Les habitants d'Antigua sont fiers de l'accueil qu'ils réservent aux visiteurs - après tout, le tourisme est le pilier du pays. Mais derrière le tapis rouge et la garde d'honneur à l'arrivée, le voyage du couple royal a été accueilli avec une apathie généralisée mêlée à un ressentiment latent.
Il n'en a pas toujours été ainsi. Il y a plusieurs décennies, les membres de la famille royale étaient accueillis comme des "divinités", explique Ivor Ford, historien local.
"Nous sortions tous pour les voir et brandissions des drapeaux. Je suppose que nous ne savions pas mieux à l'époque", se souvient-il.
L'année dernière, Antigua-et-Barbuda a célébré les 40 ans de son indépendance vis-à-vis de la Grande-Bretagne. Aujourd'hui, la nation - comme ses homologues régionaux - entretient une relation compliquée avec son ancien maître colonial.

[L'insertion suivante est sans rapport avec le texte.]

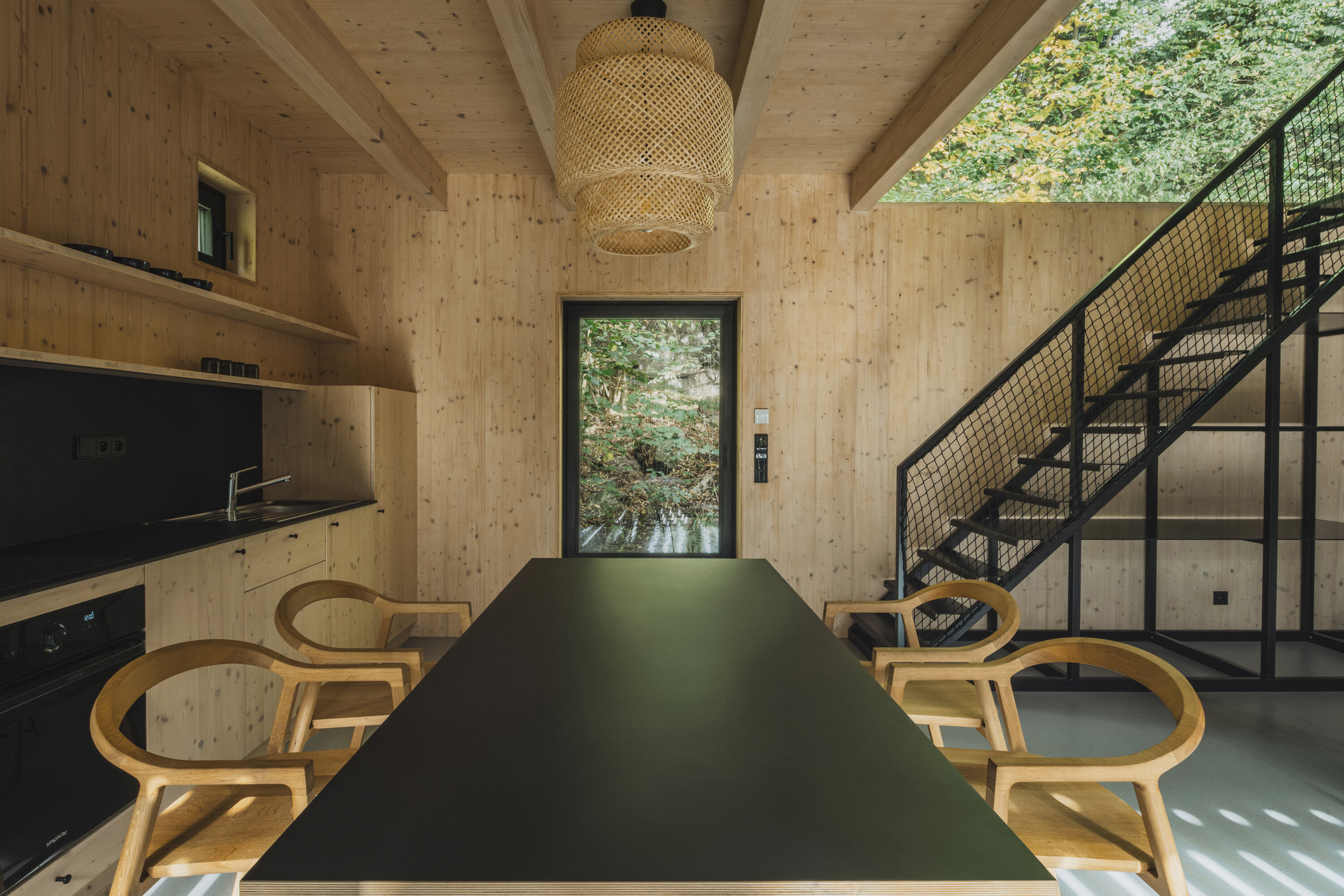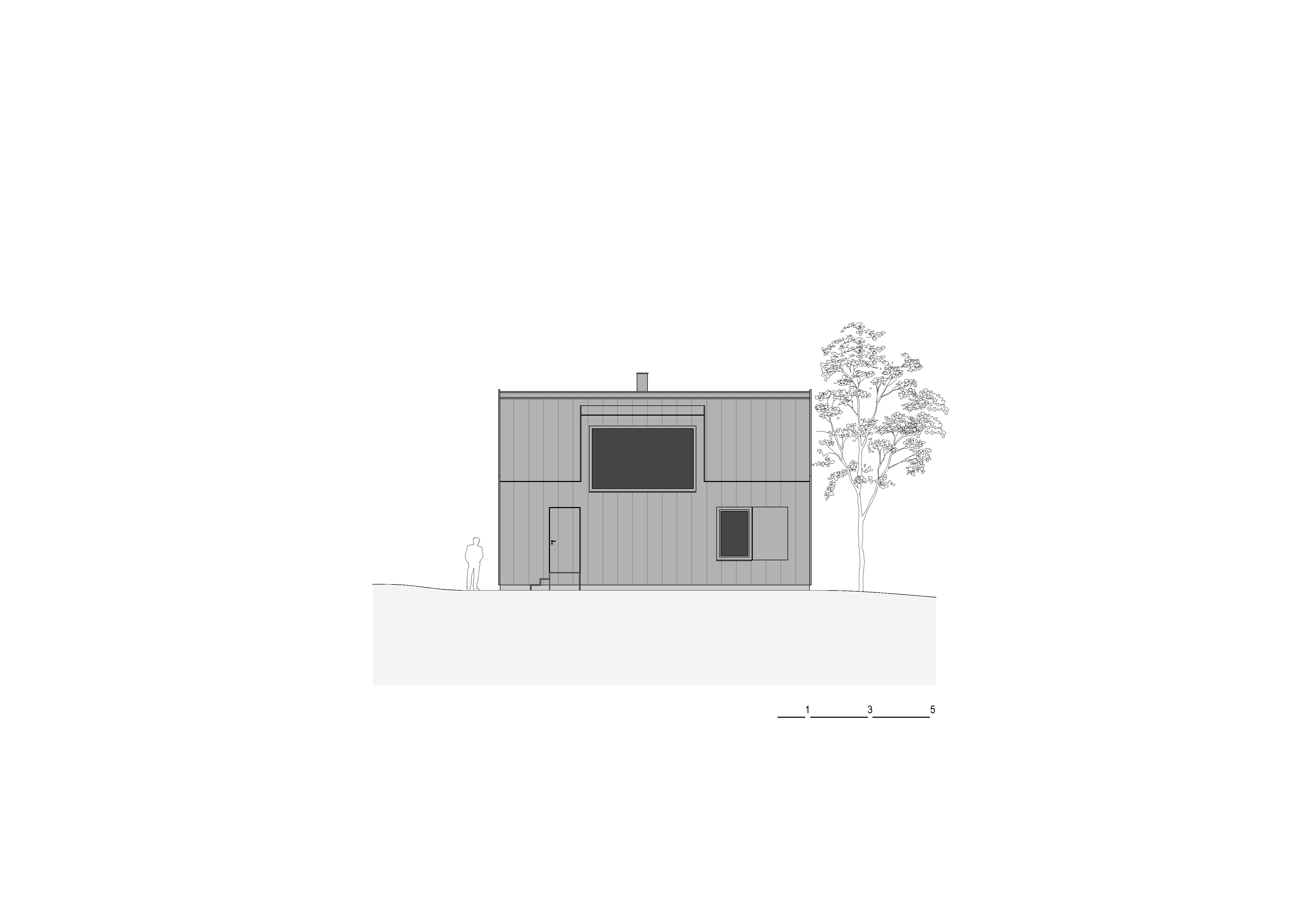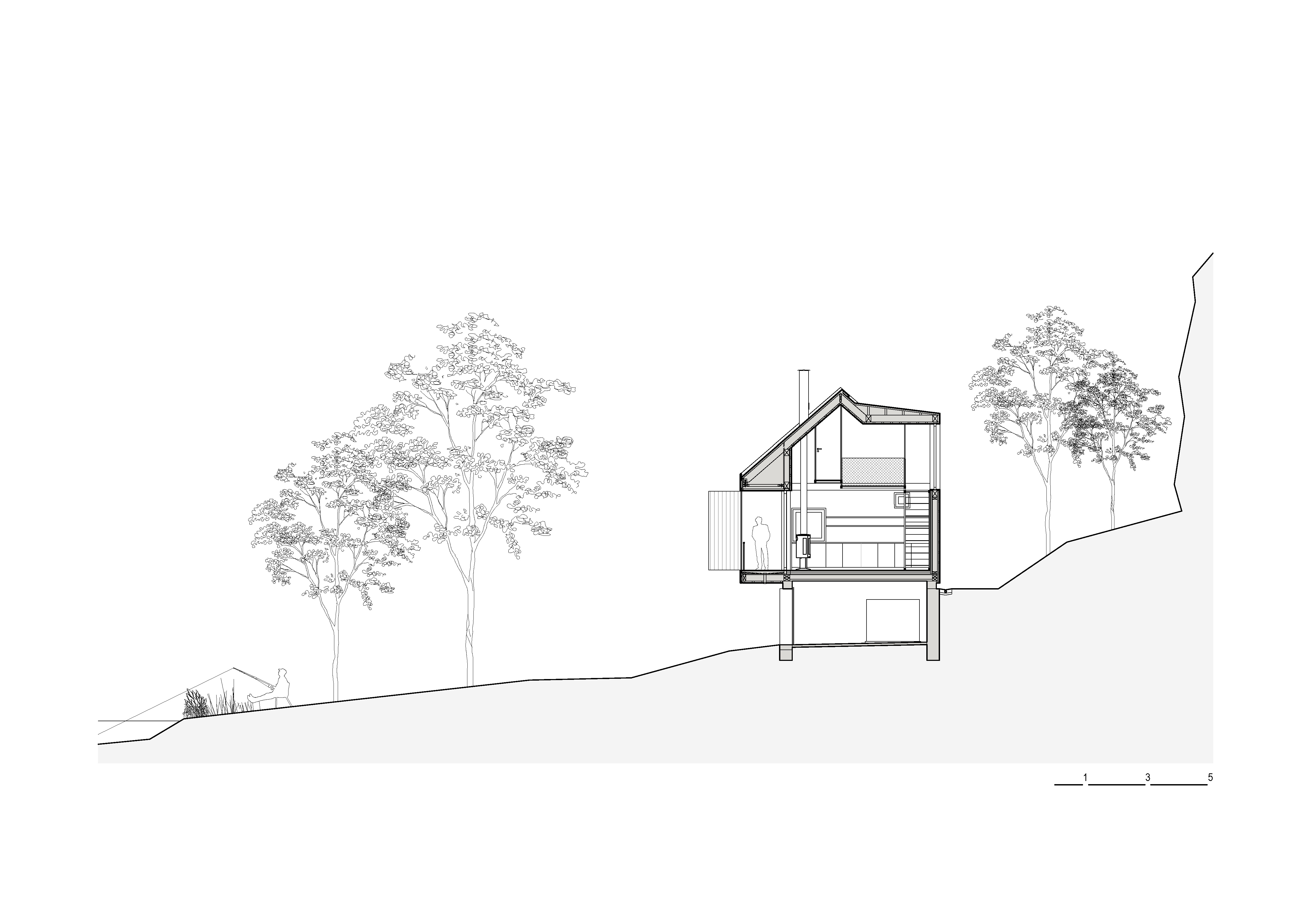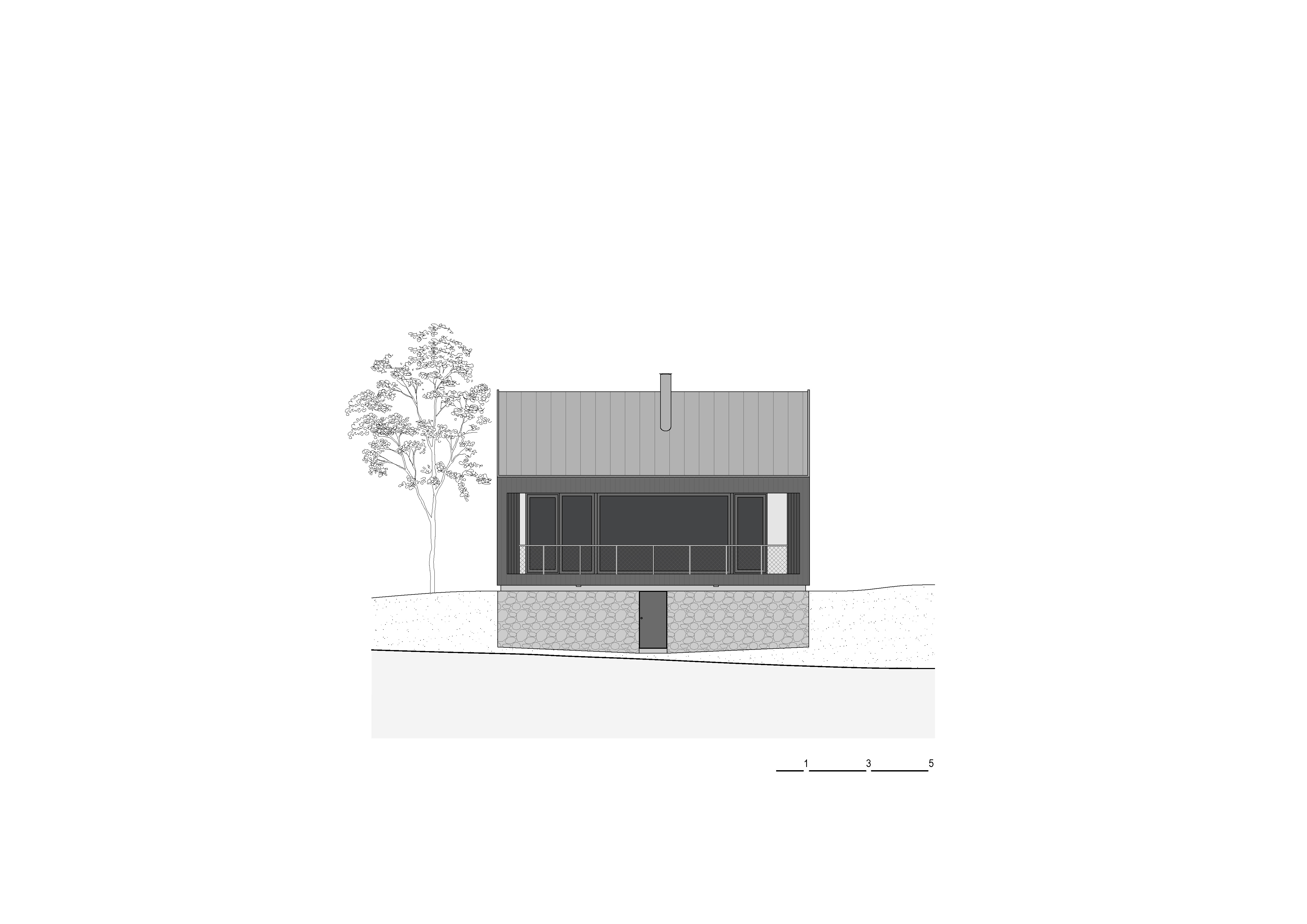 사자바(Sázava) 강변에 자리한 이 오두막은 화재로 소실된 기존 건물을 대체해 같은 자리에 새롭게 세워졌다. 불길 이후 남은 것은 단단한 석조 기단뿐이었다. 새 건축물은 이 기단을 자연스럽게 흡수하며, 홍수로부터 보호 기능을 확보하는 동시에 강을 향한 조망의 기반으로 삼았다. 기단 위에 선 오두막은 일상의 속도를 잠시 멈추게 하는 장치처럼 작동한다.

La sensibilisation croissante à l'histoire des Caraïbes et les appels de plus en plus nombreux à réclamer des réparations financières pour l'esclavage, associés à une montée du panafricanisme, sont parmi les raisons citées pour expliquer ce changement de sentiment.
Le retrait de la reine Elizabeth II de la tête de l'État par la Barbade en novembre dernier a suscité des appels dans toute la région pour que d'autres îles suivent cet exemple.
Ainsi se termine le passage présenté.